Je dois avouer que démonter le moteur de sa Bentley m’a fait souffrir – comme quoi, ces trous du cul de richards ont du goût- mais c’était un mal nécessaire pour pouvoir réellement me rapprocher du petit fils à papa qui m’intéresse. Un membre qui pourrait très bien devenir important à ce qu’il paraît. Je ne peux pas m’empêcher d’étouffer un grognement alors que les portes s’ouvrent devant moi dans un grincement sonore. Certes, pouvoir influencer la volonté des esprits faibles
obi wan kenobi /out/ comme on veut, en un claquement de doigt, ça à quelque chose d’indéniablement cool. Mais regardez-le, à faire toutes ses manières de gosses de riches, à dépenser l’argent par les fenêtres en boisson, en drogues, en putes. Il est détestable, méprisable. Non, je ne suis pas jaloux. Bon, ok, si je pouvais vivre en parasite de la société comme lui en attendant que le fric tombe dans mes poches miraculeusement tout en étant protégé par des mecs aux bras aussi épais que mes cuisses, je le ferai. Mais j’ai pas ce privilège-là. Alors laissez-moi être aigri en paix, merci.

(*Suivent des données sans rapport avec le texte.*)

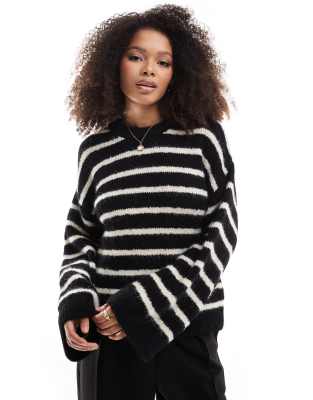 ASOS DESIGN Wool Blend Fluffy Wide Sleeve Knitted Sweater In Black And White Stripe-multi
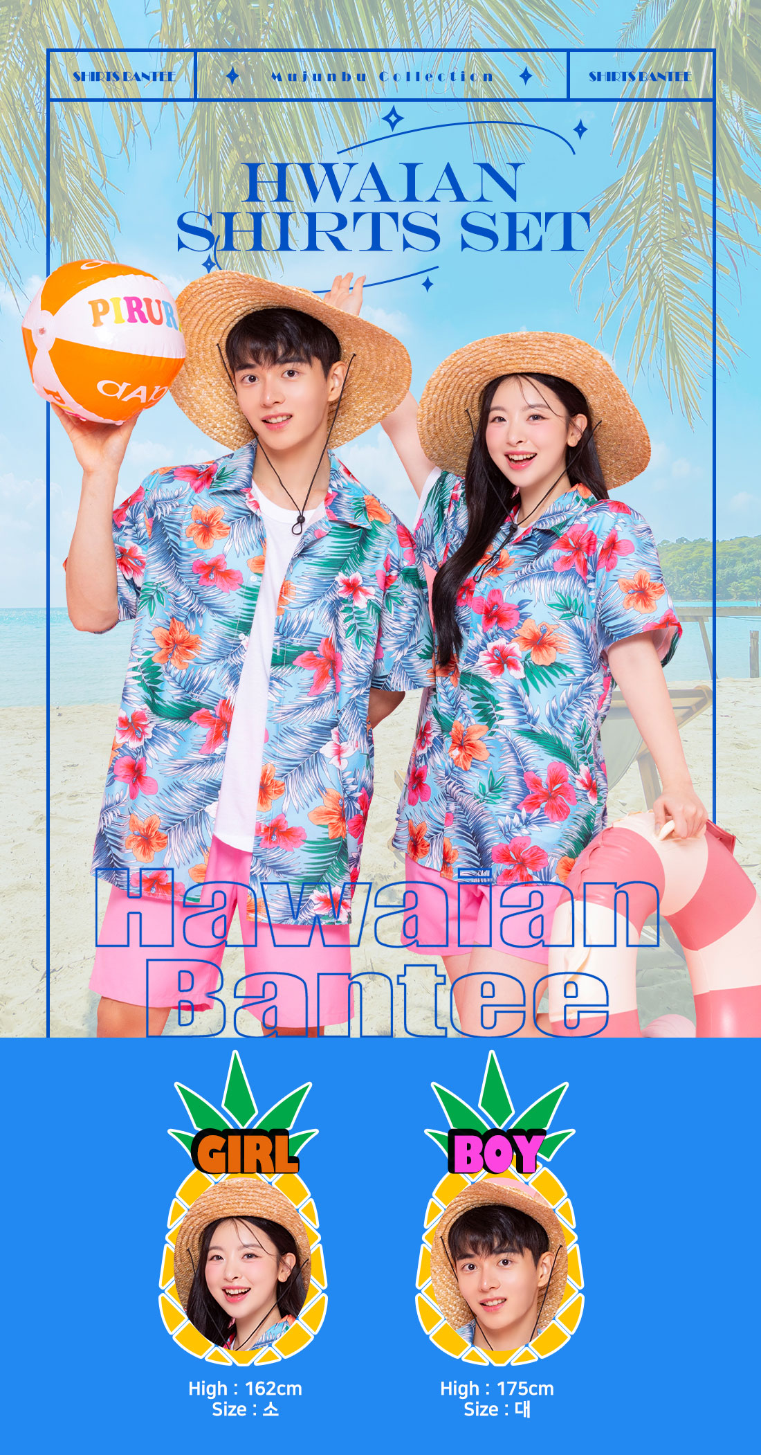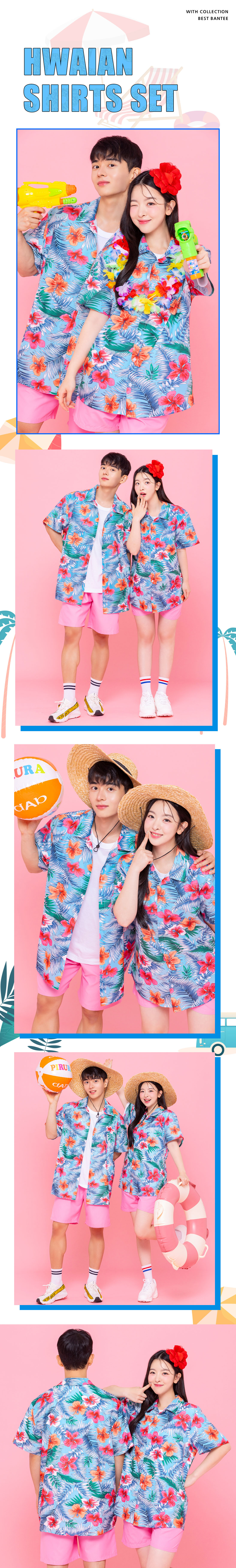 하와이안 꽃남방 반티 [블루]
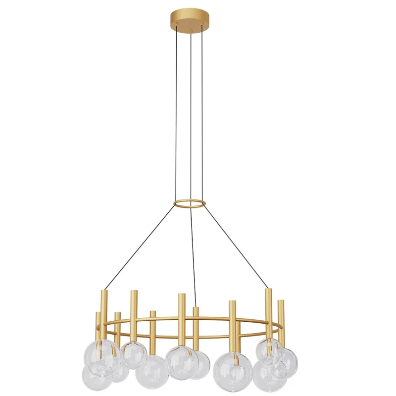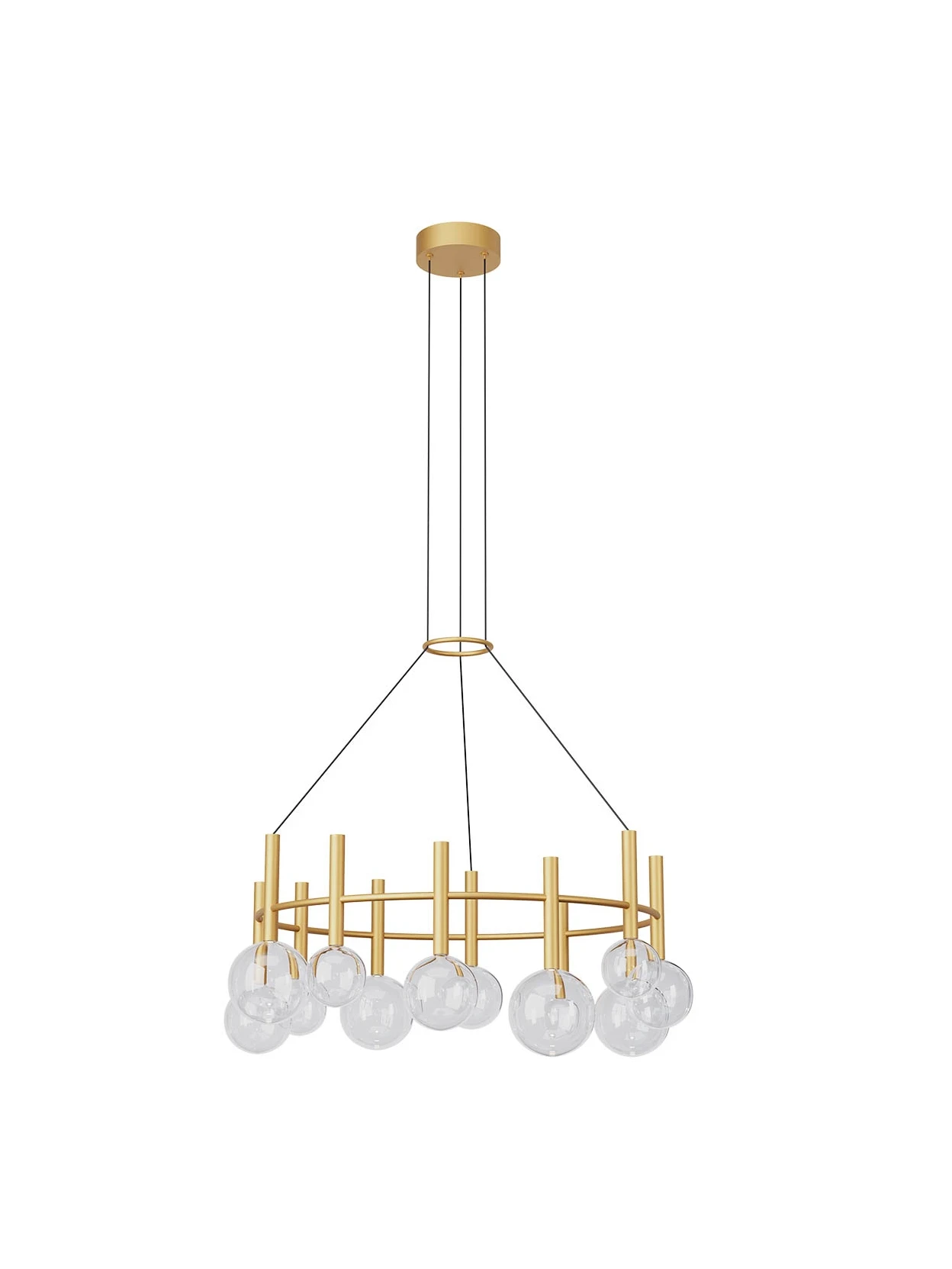 Bolla by Redo Group is a circular, gold-plated pendant lamp that perfectly combines contemporary design, premium materials, and advanced technology. Designed for interiors, it features a matte gold-painted metal and aluminum frame, paired with an elegant, transparent blown glass diffuser that casts a warm, even light. Equipped with twelve 4.4W CREE COB LEDs, for a total power of 53W, it delivers a luminous flux of up to 6,533 lumens with a selectable color temperature between 2700K and 3000K and a color rendering index (CRI ≥90) that enhances every nuance. The system is dimmable via Triac control, allowing you to adjust the light intensity to suit the desired atmosphere. With a 120° beam angle and high energy efficiency, the Bolla lamp guarantees reliable performance and superior light quality. Perfect for enhancing living rooms, dining rooms, or elegant contract spaces, the Bolla pendant lamp by Redo Group combines aesthetics and technology in a single design icon.
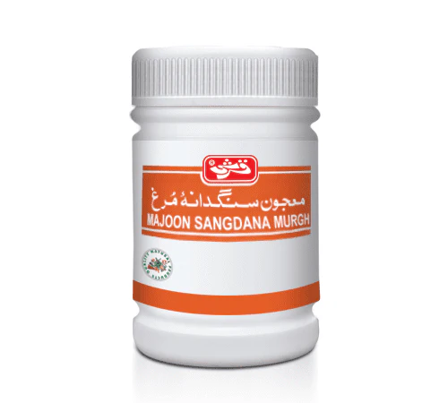 Majoon Sang Dana Murgh contains Sang Dana Murgh (Gizzard) which acts as stomach and intestinal tonic.
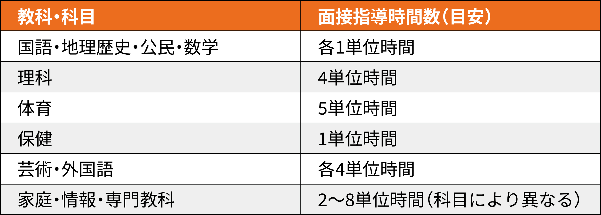 以下は、文部科学省が定める教科ごとの面接指導時間の目安です。
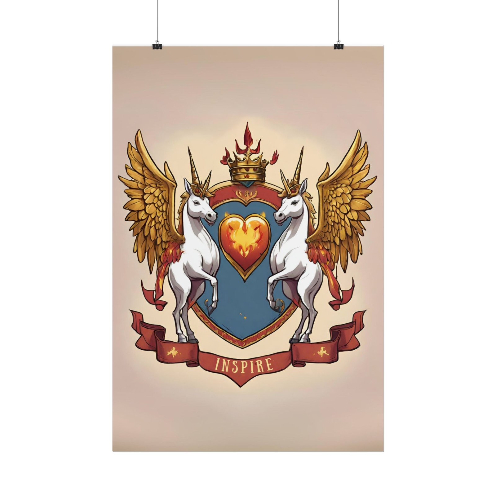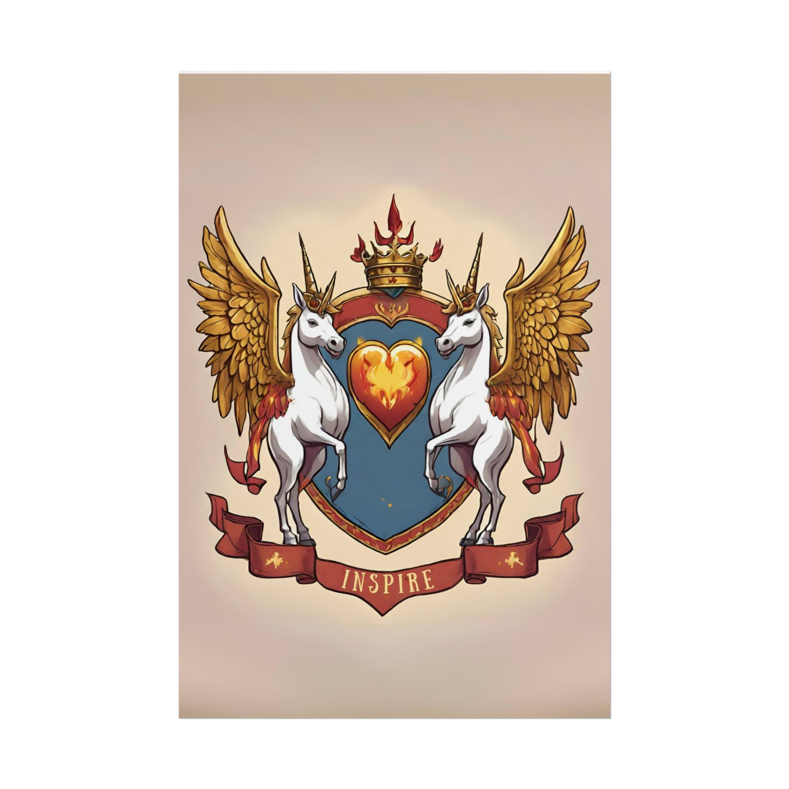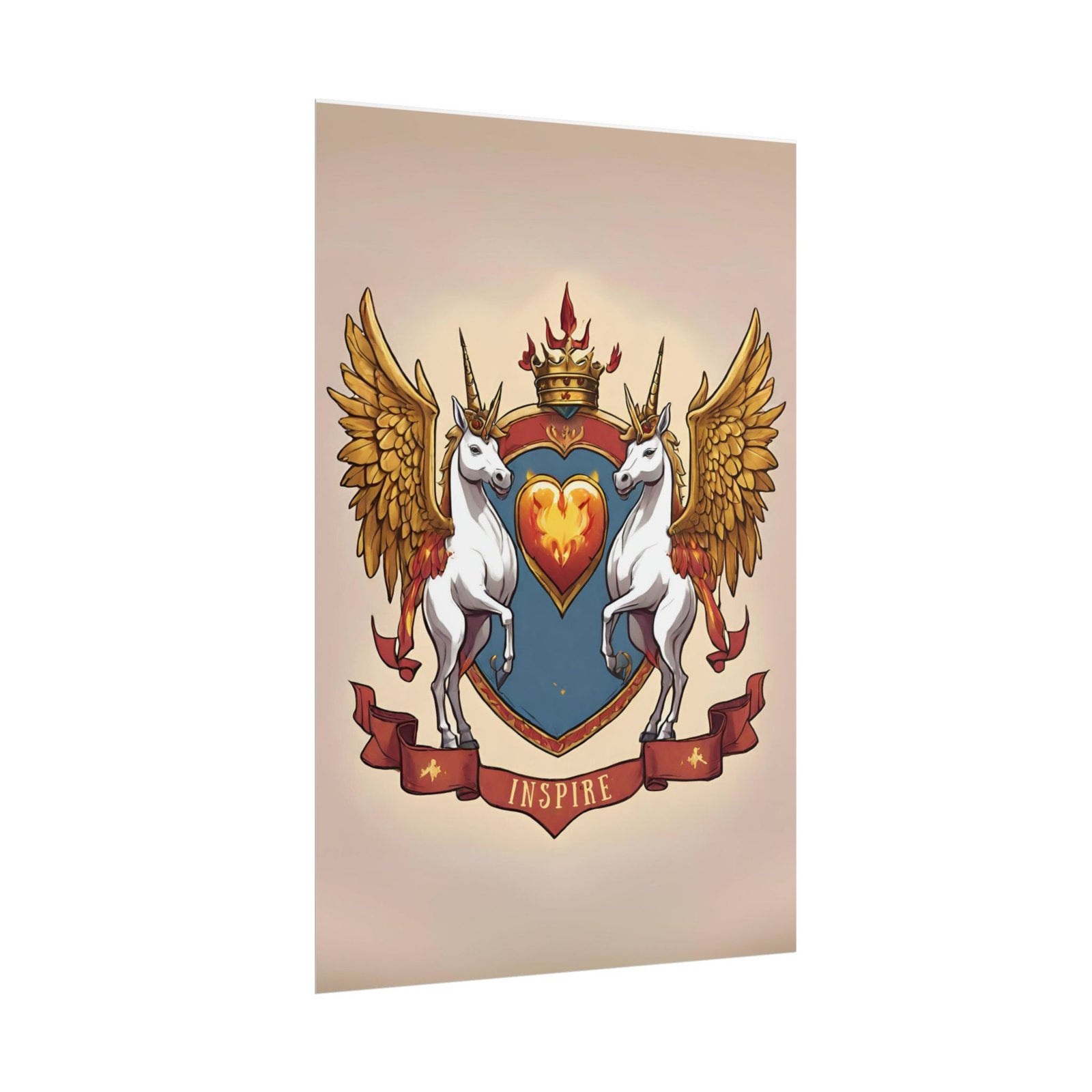 Unicorn Crest “Inspire” Rolled Poster, Magical Decor, Fantasy Gift, Kids Room Decoration, Unique Home Decor, Motivational Poster. Transform your space with these vibrant rolled posters, perfect for adding a touch of inspiration and whimsy to any room. Featuring stunning designs printed on high-quality paper, each poster radiates a unique charm that can uplift your mood and aesthetic. These art pieces are ideal for anyone looking to personalize their home, office, or creative space. Perfect for art enthusiasts, students, or anyone celebrating special moments, these posters make excellent gifts for holidays, birthdays, or housewarming events. Bring life to your walls and let your personality shine with these expressive artworks!
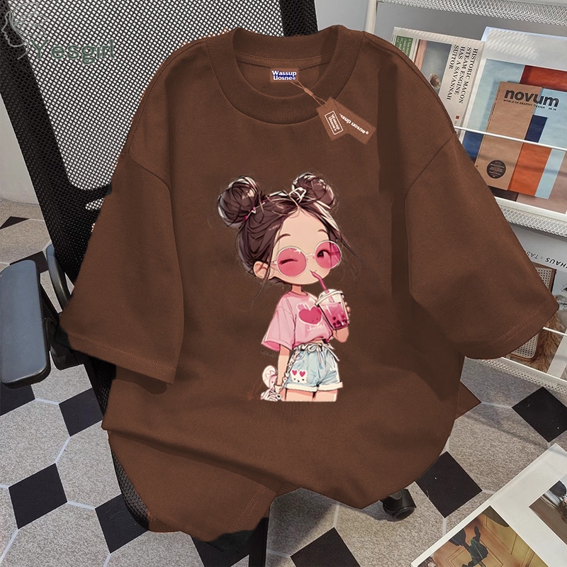 [Mall] Yesgirl Korea style Gadis Kecil print kaos kasual longgar| Kaos Oversize Wanita | Fashion korean style baju kaos oversize| Baju atasan wanita terbaru 100 PERSENcotton | Kaos Putih Wanita | 7.10
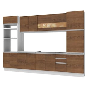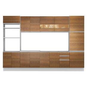 - Uma coluna de 70 cm com nichos para forno e microondas, duas portas batentes e uma porta basculante;
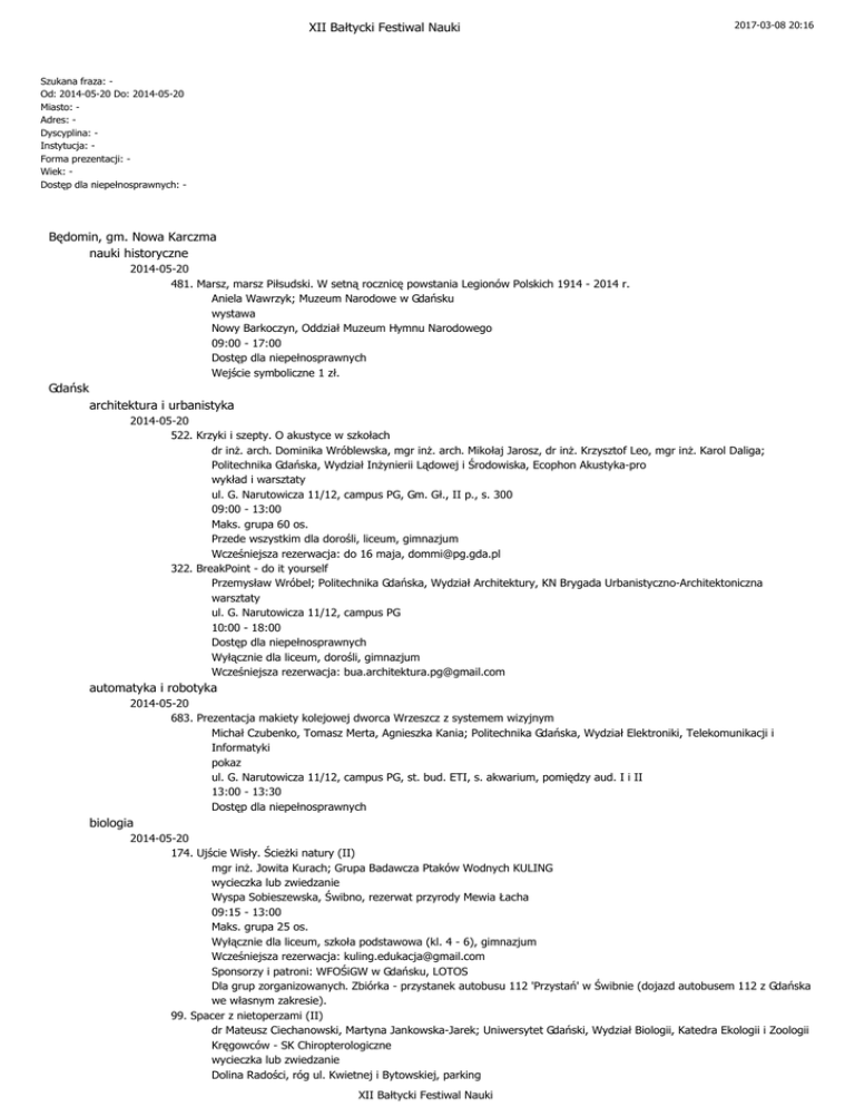 20 maja (wtorek) - Bałtycki Festiwal Nauki
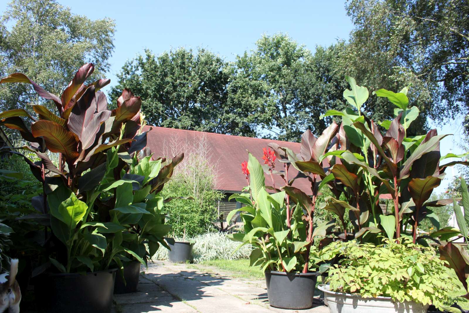 Ik moet wel bekennen dat mijn kennis van de tropische tuin helaas niet heel groot is. ( Er staan 4 paarden achter het huis die de meeste tijd EN ruimte opslokken ) Maar ik doe dapper mijn best om de overige ruimte op te vullen met allerlei soorten bamboe, canna's , bananen en leuke planten waarvan ik GEEN idee heb wat het is. Maar zodra het een groot blad heeft of een mooie structuur kan ik het niet na laten om te kopen en probeer het vervolgens in leven te houden.

Je me rapproche, l’air de rien. Le clebs humain de ma cible me juge du regard avant de poursuivre sa conversation. Je dois avoir le même air que tous ses mecs bourrés qui traînent dans le métro, le regard hagard, les yeux un peu fous, marmonnant pour moi-même en tanguant à cause des cahots du wagon. Il faisait vachement froid dehors et croyez-moi, si ça faisait deux jours que vous suiviez non-stop les même mecs flippants sans aucune autre interaction humaine, avoir une sérieuse conversation sur les conditions de déneigement dans les rues avec votre flasque de whisky vous paraîtrait pas aussi bizarre que ça. Mais ça m’arrange bien moi, d’avoir l’air aussi banal, aussi inoffensif parce que grâce à ça, je peux recueillir des informations précieuses et rentrer tranquillement faire mon rapport.
***
Douche, chemise propre, un litre de café et un sandwich avalé en trente secondes et je me pointe au club, frais comme si j’avais fait une nuit de douze heures. Je ne m’arrête pour saluer personne à part pour faire un doigt d’honneur à Clyde qui me regarde, désespéré, avant de frapper trois coups brefs à la porte au fond en riant.
« Oui ? » J’ai toujours un sourire immense alors que je pénètre dans le bureau en refermant délicatement la porte.
« Salut boss. » J’ai toujours l’impression qu’il déteste que je l’appelle comme ça ce qui ne m’encourage qu’à continuer.
« J’ai des nouvelles intéressantes sur Lawrence Gatling alias petit connard en chef. » Je fais une pause, pour le suspens, le frisson, l’exaltation ! –même si Roberto me regarde en ce moment avec la tête de quelqu’un qui se demande pourquoi il travaille avec un abruti pareil plus qu’avec celle de quelqu’un d’exalté.
« Apparemment, il sort ce soir au Red Light, une petite boîte de Brooklyn assez sympa d’ailleurs où j’avais rencontré un espagnol chaud comme la br… Peu importe. » Rester professionnel en toutes circonstances, c’est mon crédo,
my way of life quoi.
«Ça semble être l’occasion qu’on attendait pour pouvoir réellement l’approcher chef. » Toujours finir proprement et essayer de gommer le sourire stupide que je me retiens d’exposer à mon patron qui pourrait me botter le cul en trente secondes s’il voulait. Je le mériterai hein? Ouais, c'est sûr, je le mériterai. Peu importe, je continue.
« J’ai pût apprendre qu’il comptait s’y rendre sans Bull Dog» Oui, j’aime bien donner des surnoms aux gens, c’est plus fort que moi
«… ce qui nous donnerait l’avantage de pouvoir amorcer un recrutement sans prendre le risque de se retrouver avec un colt collé contre la tempe" Aller Bob, félicites ton petit Sasha qui a bien travaillé et emmène le avec toi:
ça, c'est ce que mes yeux essayent de faire passer comme messages à Roberto. Ce qui lui dit clairement tout ce que je viens de baragouiner d'un air ravi:
n'emmène pas ce petit crétin avec toi si tu veux que la mission réussisse.